[Info-vax] Radical command line suggestion
Bill Gunshannon
bill at server3.cs.scranton.edu
Fri Mar 20 08:40:03 EDT 2015
In article <35afaf72-9195-46c0-b150-7b73da0549fb at googlegroups.com>,
mcleanjoh at gmail.com writes:
> On Friday, March 20, 2015 at 8:17:14 AM UTC+11, William Pechter wrote:
>> In article <OMsYWfpbZtaX at eisner.encompasserve.org>,
>> Bob Koehler <koehler at eisner.nospam.decuserve.org> wrote:
>> >In article <f26e8302-e3f9-4fd9-bb73-9501fe886115 at googlegroups.com>,
>> >johnwallaze4 at yahoo.co.uk writes:
>> >>
>> >> man and info may have advantages (vs HELP) as tools for navigation. Maybe
>> >> HELP needs an update then?
>> >
>> > man has advantages? On what planet? man is the worst thing I've
>> > ever used, and is only barely tolerable if the X10 based xman gui
>> > is used instead of the terminal window man.
>> >
>> > How many times did I have to re-rad vast sections of the ksh man
>> > page when a lower paragraph pointed to an earlier entity.
>> >
>> > ARGHHHHHHHH.
>> >
>>
>> Man has its place but please, let's not thing it's better than context
>> sensitive help in VMS.
>>
>> And I've been a Unix/Linux admin and trainer since '87 after I left DEC...
>> I've never found man better than help for new users. And VMS will be looking
>> for NEW USERS if it's going to succeed.
>>
>> I like man as a quick options list, apropos is useful. But full VMS help
>> tells how to actually do an operation -- not just it's options.
>>
>> If VMS help is reference book man is an infographic. 8-)
>>
>>
>> Bill
>>
>> --
>> --
>> Digital had it then. Don't you wish you could buy it now!
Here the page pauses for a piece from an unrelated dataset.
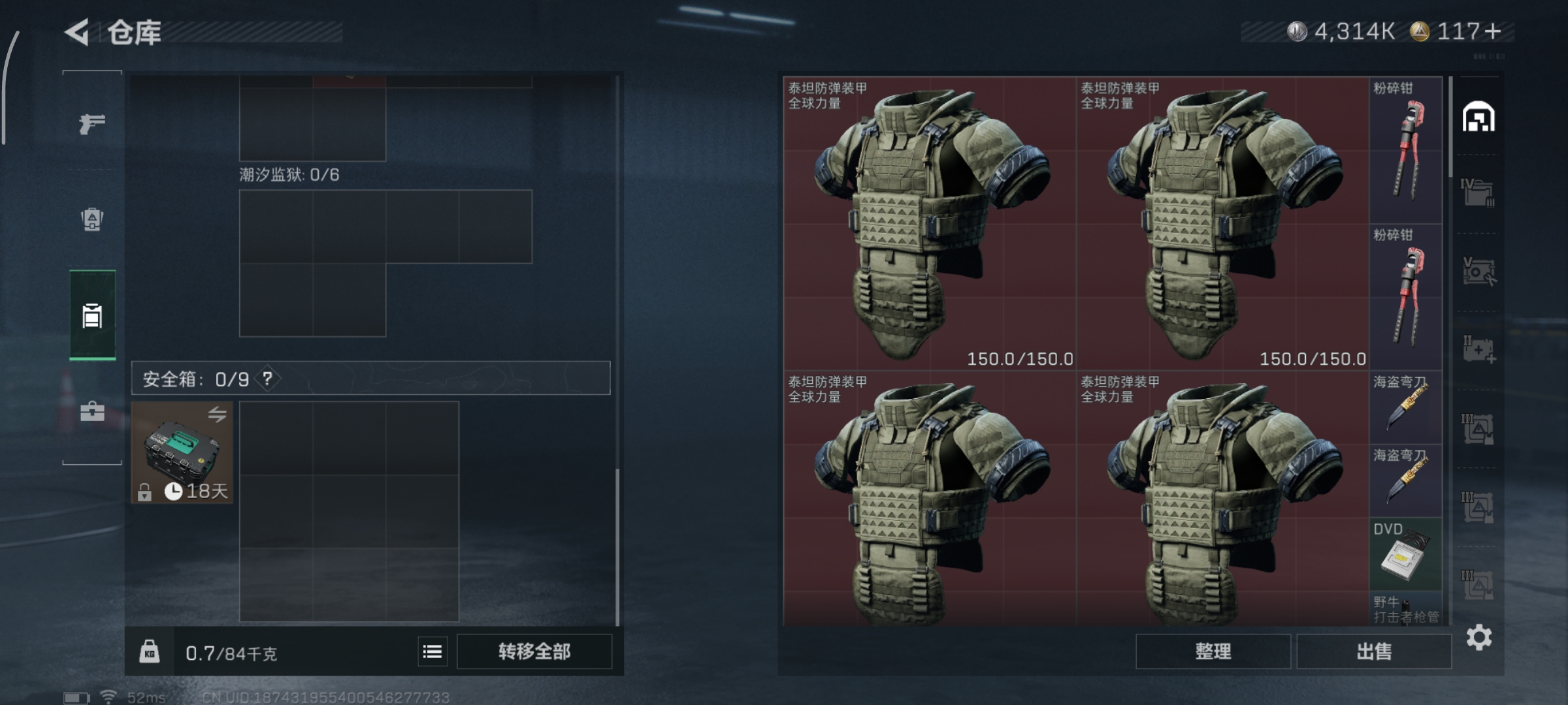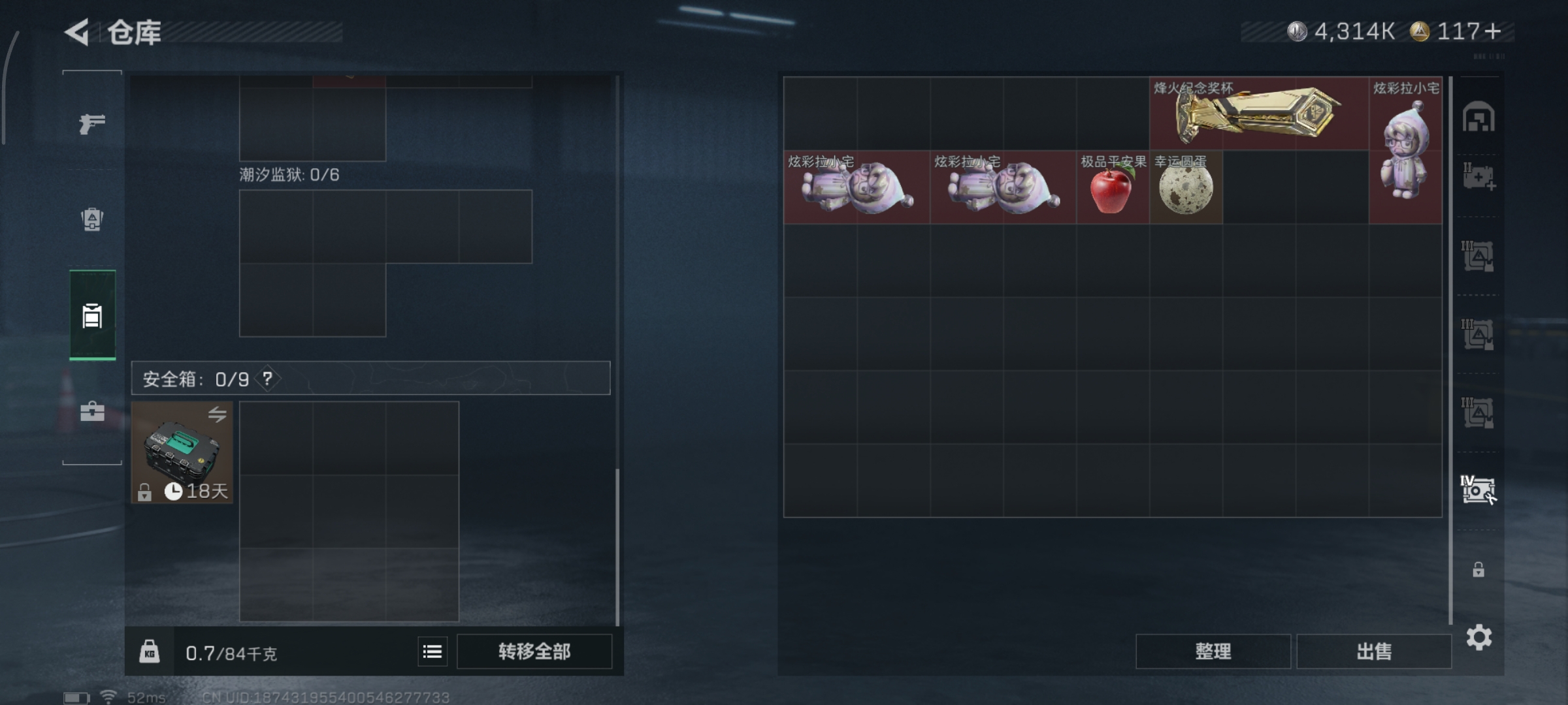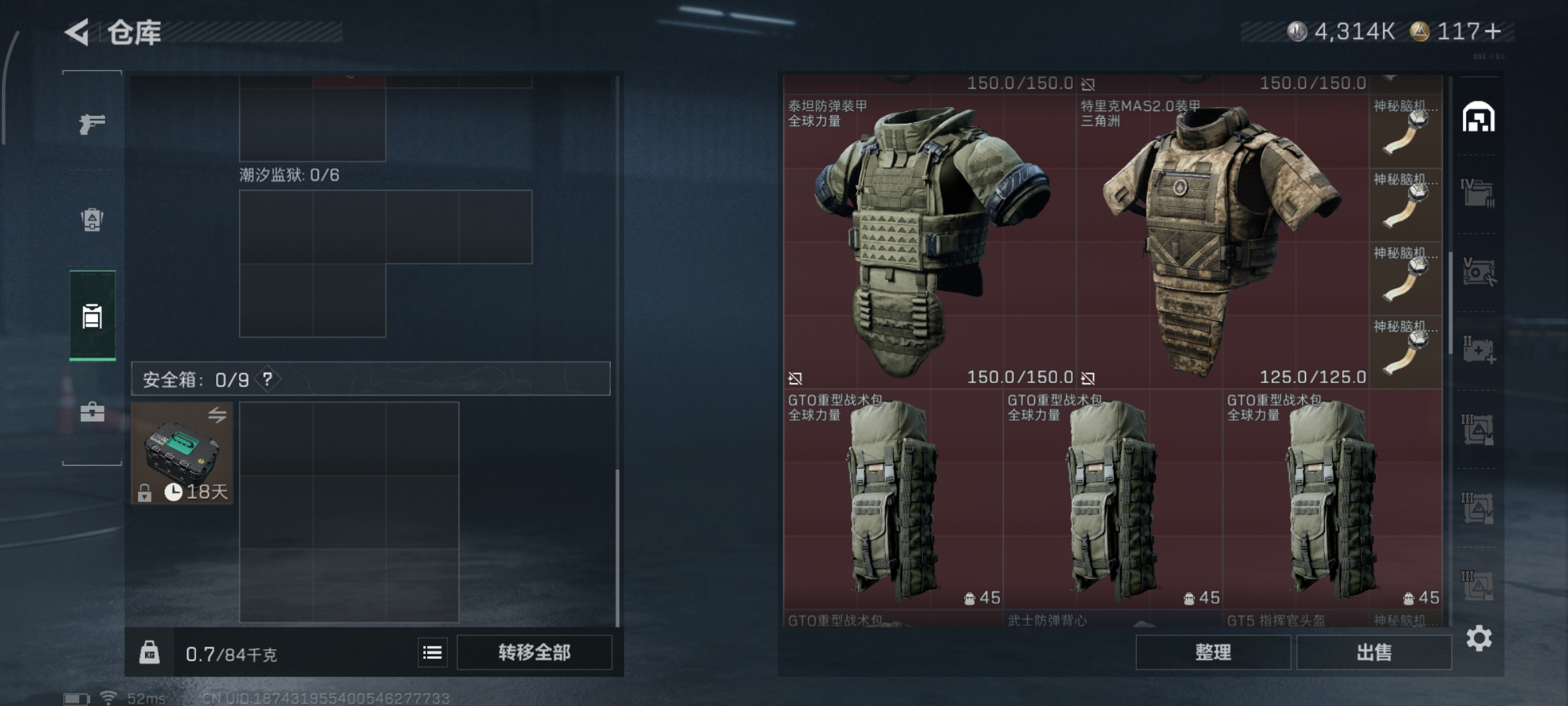 【总资产(M)】104.69【哈夫币】4314k【行动等级】60

>> pechter-at-gmail.com http://xkcd.com/705/
> HELP was designed with mid-1970s computing in mind, meaning that it was 80 columns x 22 lines and because scroll back capability was rare, few if any Help pages exceeded those 22 lines. I'm not saying throw it away but I think it could be updated to suit modern techniques.
> It should also be remembered that HELP has the advantage that most VMS commands correspond to plain English, for example RENAME rather than mv, SEARCH rather than grep and in my early days, EDIT was an editor, which is pretty obvious compared to a command like vi.
I keep hearing this, however....
One:
DIRECTORY /MODIFIED/SINCE=14-DEC-2001:01:30/SIZE=ALL/OWNER
/PROTECTION/OUTPUT=UPDATE/PRINTER [A*]
Isn't anything like I have ever said in english in my entire life.
Two:
Only a very small piece of the earth has english as its primary language.
> It's the use of meaningful command verbs (and the ability to abbreviate them) that makes VMS easy to work with.
All the verbs I use in Unix are perfectly meaningful to me and other Unix
users. Even the one's that were named with tongue firmly in cheek. :-)
Based on your logic above, Americans, who typically never learn any language
other than english, are right because all those other languages are really
just meaningless gibberish anyway.
bill
--
Bill Gunshannon | de-moc-ra-cy (di mok' ra see) n. Three wolves
billg999 at cs.scranton.edu | and a sheep voting on what's for dinner.